A aplicação de choques elétricos como terapia para doenças do foro mental ganhou justa má fama nos anos 60, quando a Nova Psiquiatria os execrou como paradigma de uma prática médica quase tão indigna como a que resultara das lobotomias propostas por Egas Moniz, apesar de lhe terem valido o Nobel em 1949. Os anos mais recentes têm, porém, resgatado a eletricidade como ferramenta útil para dirimir alguns dos sintomas mais perturbantes do disfuncionamento cerebral.
A neuro-estimulação está a impor-se como uma técnica avançada no tratamento de certas doenças graves, já não se cingindo aos hospitais, mas também em start ups que, pressentindo-lhe o potencial, andam a criar produtos destinados às prateleiras das grandes superfícies, tendo por indicações a solução para as insónias, a falta de concentração, a melhoria do estado de alma ou a dopagem dos desempenhos físicos.
Estão a surgir aplicações diversificadas desta fascinante tecnologia, embora o cérebro continue a ser um órgão misterioso e em permanente mudança. Os testes demonstram que intervir numa zona do cérebro dos doentes pode ter por consequência a constatação de mudanças profundas e indesejáveis no comportamento. Podem tornar-se tristes, agressivos ou exaltados, temporariamente ou de forma permanente.
Uma das áreas mais promissoras é a da doença de Parkinson com a tentativa de inibir neurónios hiperativos. Mas outros efeitos colaterais andam a surpreender os cientistas, como a menor agressividade e egoísmo dos pacientes a quem aplicaram os eletrodos.
O médico Luc Mollet decidiu estender o estudo a quem sofria de Perturbações Obsessivas Compulsivas, constatando 70% de sucesso na regressão dos sintomas. Um resultado excelente tendo em conta o quão inibidoras podem ser as compulsões relacionadas com a arrumação, a limpeza ou a verificação, que transformam os dias de quem as sofre numa espiral horripilante.

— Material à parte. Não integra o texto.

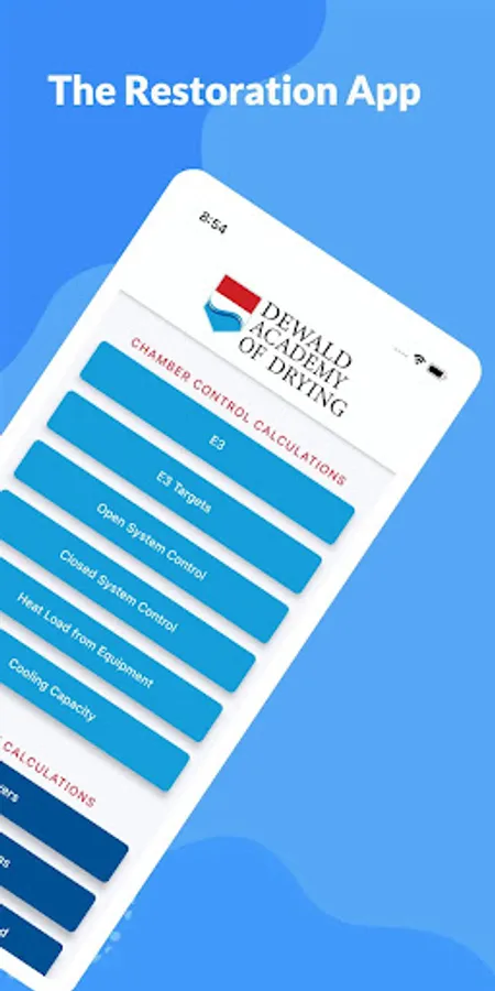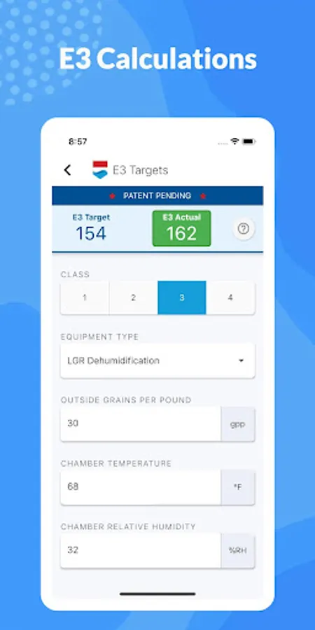 This app is built for all levels of restorers in the water mitigation industry. For the first time ever these proprietary algorithms and metrics will give the restorer complete control of their drying chamber regardless of the size, class, equipment used or outside conditions instead of the restorer being controlled by their chamber. The keystone metric for this app is the patent pending E3 metric that can evaluate the exact evaporation ability of any condition in a drying chamber and the daily E3 targets that have been set for all different types of drying equipment for all possible water classes and outside conditions. This metric also allows for all different types of equipment to be specifically ranked or compared to prove which is the best for any job scenario.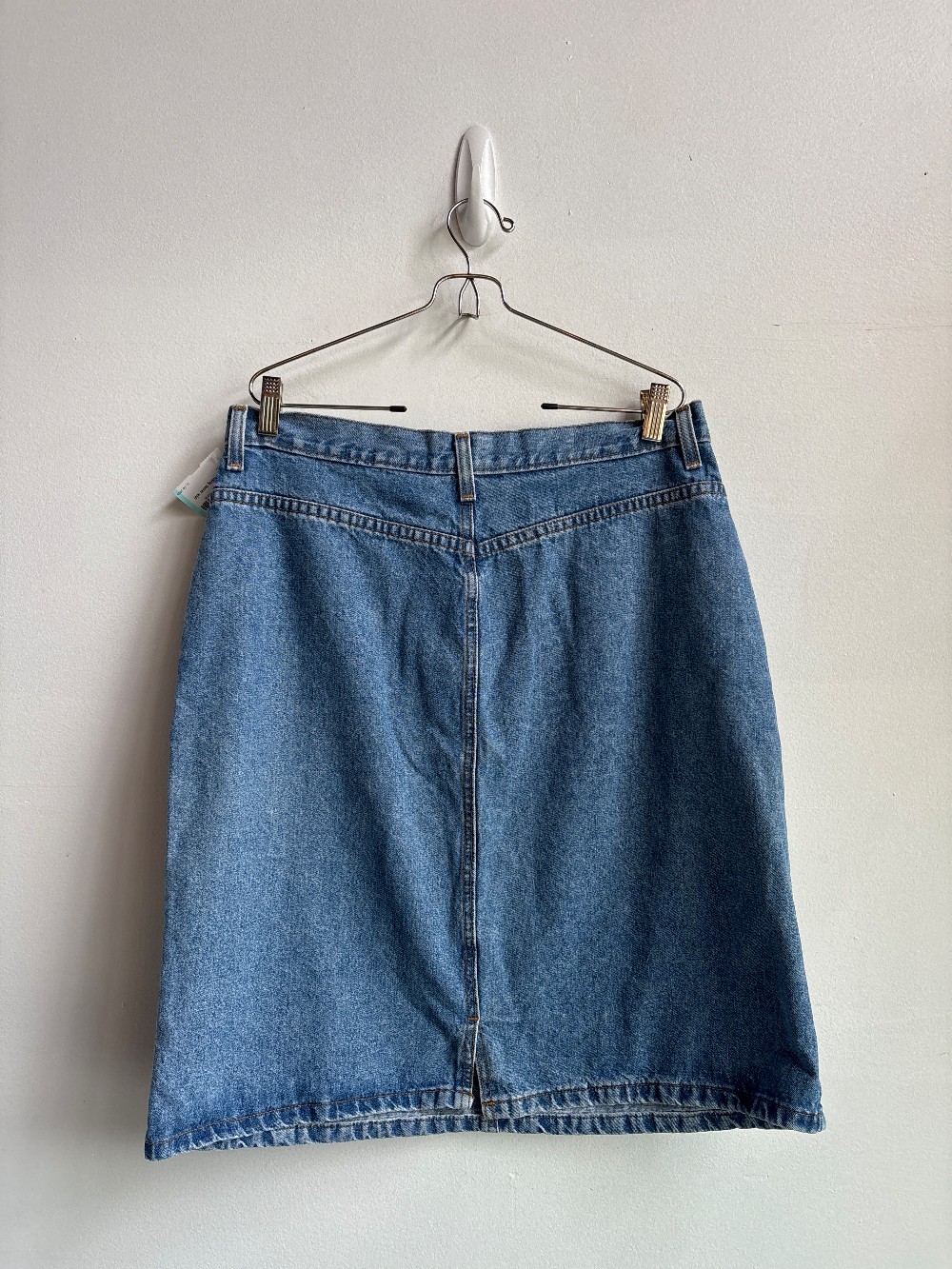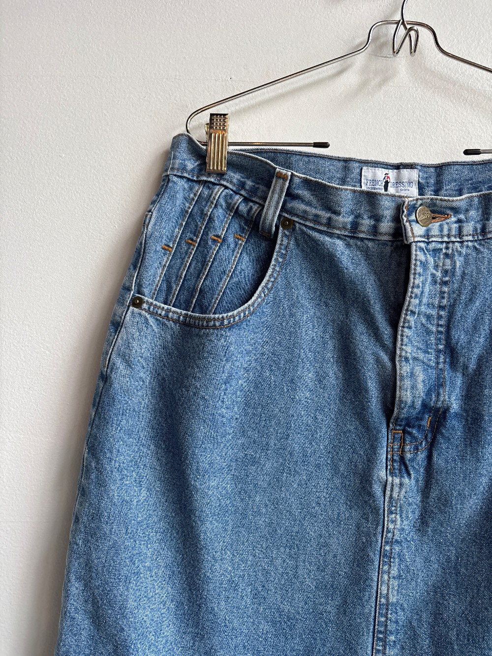 Vintage, made in Canada! Features a cute pleated pocket detail. Cotton denim skirt with a midi length and zip fly.

Num filme elucidativo mostra-se um médico a falar de morte e de serpentes a um doente , que reage com cabeçadas na mesa a que está sentado e com o contínuo lamber de uma das suas mãos. Ativando à distância um estimulador, que aplica uma corrente elétrica ao cérebro do homem, logo ele se acalma e consegue falar normalmente sobre a morte e os répteis.
Outra investigadora, que testava a aplicação de eletrodos a doentes com Parkinson chegou a outra descoberta em cobaias a que associava a doença à toxicodependência: ao inibir o núcleo subtalâmico, suspendia a motivação para se drogarem. Não se tratando de uma cura definitiva, essa estimulação permite reduzir o “craving”, ou seja a pulsão irreprimível para fumar, beber ou drogar-se.
Na doença de Alzheimer vários estudos sugerem que a estimulação cerebral poderá ter um efeito neuroprotetor, retardando a progressão da perda da memória. E quanto à anorexia a aplicação dos elétrodos na zona do cérebro ligada à depressão permitiu reduzir a ansiedade a que ela está tão associada.
Estes exemplos, ainda resultantes de investigações em curso, não são definitivos, mas permitem algum otimismo sobre a possibilidade de ver facilitada a qualidade de vida de quem a tem visto condicionada por sintomas que não consegue controlar.